Emery Haley, PhD, Scientific Writing Specialist

Aerococcus urinae

Clinical Summary

  • A. urinae is a nitrite-negative, biofilm-forming, gram-positive microorganism.
  • A. urinae is fastidious and cannot grow in standard urine culture conditions.
  • A. urinae is associated with complicated UTIs in children, older adults, and individuals with urinary tract abnormalities or multimorbidity.
  • A. urinae preferentially infects kidney tissues.
  • In symptomatic UTI patients, A. urinae:
  • Is not a contaminant (is found in catheter-collected urine specimens).
  • Is viable (can grow out in expanded culture conditions).
  • Is pathogenic (associated with elevated urine biomarkers of infection).
  • Reported severe complications of A. urinae UTI include pyelonephritis, bacteremia, spondylodiscitis, aortitis, endocarditis, and urosepsis.

Bacterial Characteristics

Gram-stain

Gram-positive

Morphology

Coccus

Growth Requirements

Fastidious (prefers blood-agar)
Facultative anaerobe

Nitrate Reduction

No

Urease

Negative

Biofilm Formation

Yes

Pathogenicity

Colonizer or Pathobiont

Clinical Relevance in UTI

A. urinae was first described in 1992 [1] and first sequenced in 2016 [2]. Genome sequencing of additional strain isolates revealed significant genetic diversity [3]and ultimately resulted in the recent splitting of these isolates into four species, including A. urinae and three novel species, A. tenax, A. mictus, and A. loyolae [4,5]. However, there is currently no known association between any of the genetically distinct species and particular clinical phenotypes.[6]

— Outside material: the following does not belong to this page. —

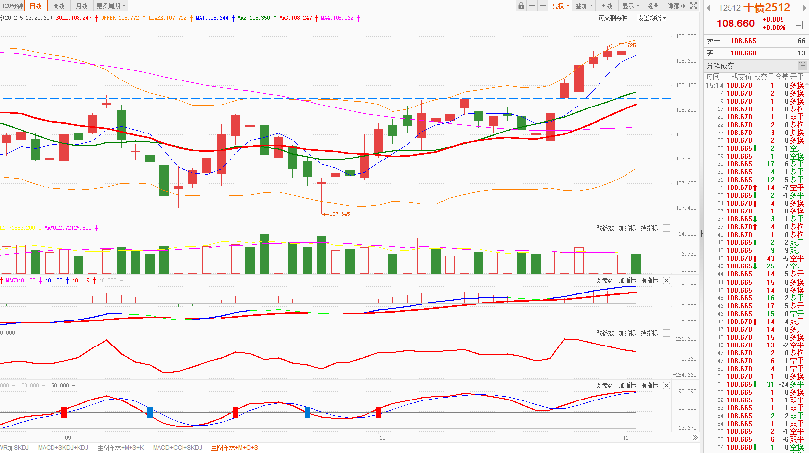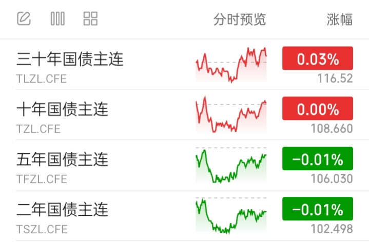 今天2、5年国债期货日K线收盘后在5日均线之下,10、30年国债期货日K线收盘后在5日均线之上,整体走势先弱后强。

A. urinae is found in asymptomatic individuals as a resident of the human urogenital microbiome.[7] However, it has also been recognized for decades as a ‘rare’ pathogen isolated from human blood and urinary tract infections, predominantly in older adults,[8–15]children,[16–21]  and individuals with urinary tract abnormalities or multimorbidity [7,8,15,16,18,22–24]. A. urinae has also been reported to participate in the formation of polymicrobial biofilms on indwelling catheters.[23] 

A. urinae UTIs are likely significantly underdiagnosed due to the numerous challenges in the identification of A. urinae. Firstly, A. urinae lacks nitrate reductase activity, so screening strategies involving urinalysis for nitrite positivity will be false-negative.[25,26] Secondly, growing A. urinae in culture requires particular nutritional requirements (blood agar medium), which is not always included in clinical laboratories performing standard culture techniques for UTI diagnosis.[27] Thirdly, even when this organism does grow in culture, as a gram-positive coccus, it is frequently confused with Staphylococcus, Streptococcus, or Enterococcus species and may be dismissed as an irrelevant gram-positive “contaminant” organism from the urogenital microbiome.[15,27,28]  Instead, A. urinae UTI is most often diagnosed by advanced proteomic techniques, such as Matrix-assisted laser desorption ionization-time of flight mass spectrometry (MALDI-TOF MS), or advanced molecular techniques, including polymerase chain reaction (PCR) and sequencing.[9,22,28–30] 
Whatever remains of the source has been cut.